Zen Buddhists say the primary goal of meditation is to find enlightenment, but if you have a goal to find enlightenment, it will never happen. If you achieve enlightenment, merely thinking you have pushes you out of enlightenment. That’s Zen in three lines. It’s a pleasure.

 

Finding your writing voice is a lot like achieving enlightenment. You must chase an ephemeral thing without chasing it. When you achieve it, thinking you have is enough to eliminate it, so you must have a voice without knowing you have a voice. Simples. 😁

 

In case you haven’t noticed, this week we’re talking about finding your voice.

 

You can never fully enter the writing sphere until you’ve found it. This idea is as ephemeral as mist, and yet we must make it a part of our everyday writing experience without having the goal of making it a part of our everyday writing experience. The moment you see it, it disappears, so how do you achieve it?

 

I have one answer for you (and there are many): By eliminating pretentiousness from your work and learning how to be authentic when you write. You must find yourself. You must be willing to show yourself. You must find the happy place wherein you are free. The more confidence you build, the easier this will become, so the early years of writing are the time for building self-belief. This is why I nagged you to attend writing events—the capacity to see yourself as a writer will help you find your voice.

 

You must know who you are and how you think. You must be satisfied with the authenticity you bring to the page. You must become uninhibited. You must let your true self out when you write.

 

Young writers are often ostentatious.
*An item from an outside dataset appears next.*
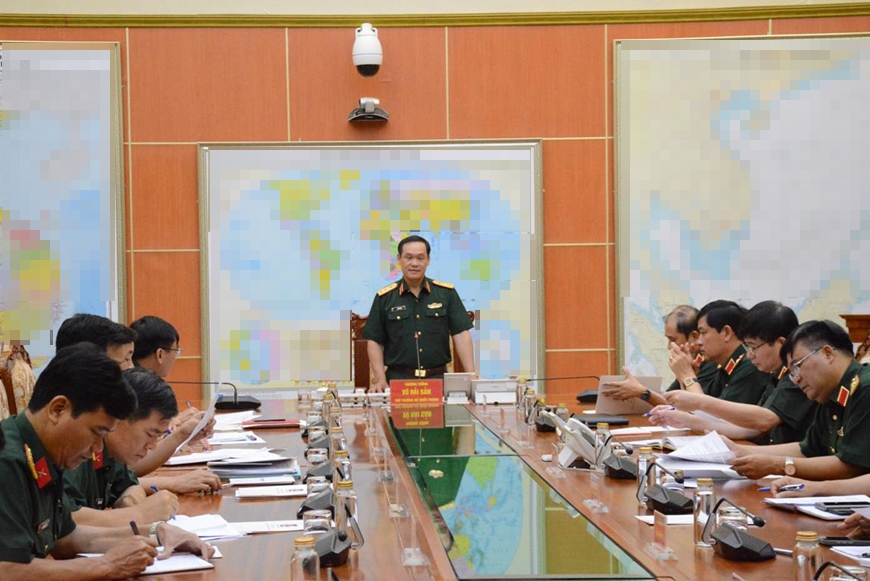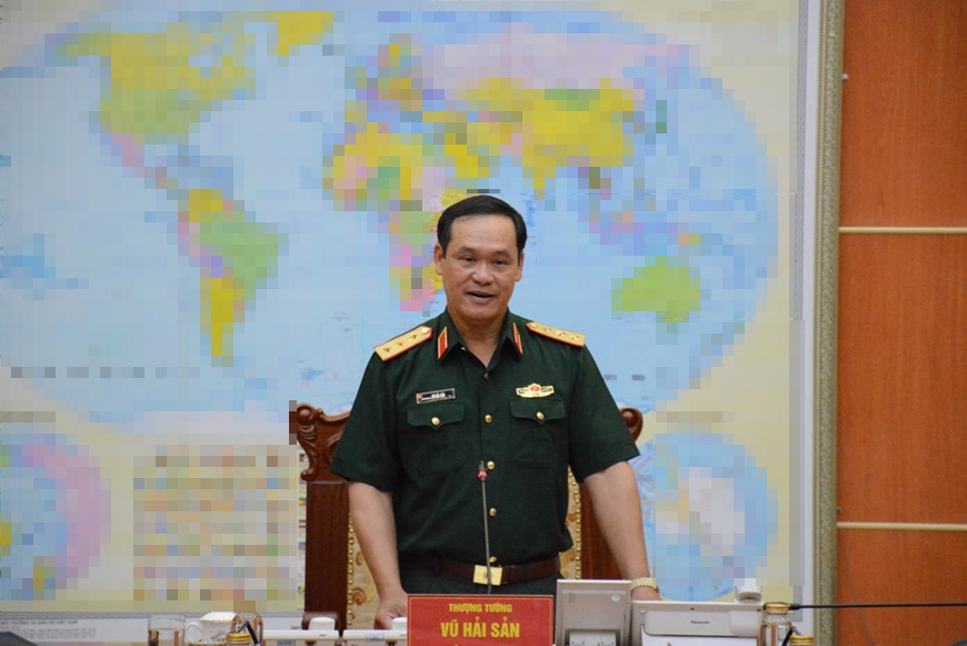 | Thượng tướng Vũ Hải Sản, Ủy viên Trung ương Đảng, Thứ trưởng Bộ Quốc phòng, Trưởng ban Chỉ đạo chủ trì hội nghị. |

They show off their skills in a grand, cerebral display of pretentiousness. That’s why their work is often fat on fancy words and blunt stylistic elements. Auden said it well when he wrote, “I am very glad I shall never be twenty and have to go through the business again, the hours of fuss and fury, the conceit and the expense.”

 

Even the least evolved readers can spot ostentatiousness in writing. They might not be able to tell you what makes it so, but by god, they know it’s there, so you will always fail if you’re inauthentic.

 

To find your voice, you must get rid of your bullshit. You must try other people’s tricks for size. You must find out which tools work for you. In a sentence, you must experiment until you find yourself.  

 

You’ve been without a prompt for a while, but today I’m giving you a different exercise: Go into your files and post the one piece of work you believe demonstrates your writing voice the most. Let’s see how your feedback goes.